It Isn’t Easy Socializing A Feral Kitten. Luckily, This Shelter Has A Kitten Björn!Adam Greene
Everyone has heard of BabyBjörns. It’s fairly common to see a newborn riding in one on their parent’s chest, smiling and having the time of their life. The reason behind these carriers is to help bonding and socializing. And recently, the success of the BabyBjörn inspired Animal Rescue League of Boston to do something similar to help a type of guest they see far too often—feral kittens!
ARL wanted to find a way to acclimate feral kittens to humans to improve their chances at adoption. However, cats are not always the quickest to socialize and accept people. That is where the Kitten Björn comes in.
Far too often, feral cats can’t be socialized to become house cats. As they age, it becomes more and more difficult. However, kittens four months and under can absolutely become loving and perfect pets.
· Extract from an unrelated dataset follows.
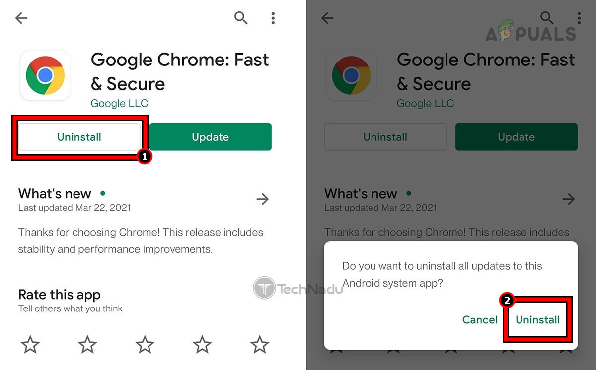 2. Tap on Uninstall or Uninstall Updates and, once done, restart your phone. Uninstall Chrome

It takes a lot of time and exposure to people, however, something every shelter wants to do, but is often too pressed for time to actually do it.
When ARL invented the Kitten Björn 10 years ago, they were unsure of how the device would do in the field. The upsides were quickly apparent. Shelter workers could carry around the kittens for the majority of their day without it interfering with their work. The kittens became used to the world around them, absorbing all the stimuli of the shelter, and were able to safely interact with other animals employees were working with. ARL thought it would help, but they had no idea just how much.
“Turnaround for socialization can be fairly quick, with the sign of success being when the kitten begins to purr,” said Michael DeFina, communications and media relations officer at ARL Boston. “Sometimes a kitten will begin purring after just an hour, sometimes it takes a couple of days, but during the seven years of their use, they have shown to be effective in trying to quickly socialize kittens.”
What used to take weeks now takes next to no time at all. In fact, ARL has gotten the turnaround time to an average of 48 hours! While they only have a few vests on hand, they hope to make more and expand their ability to help even more kittens find forever homes. If we’re really lucky, perhaps they will release a version we can all buy and carry our kittens around the house with us!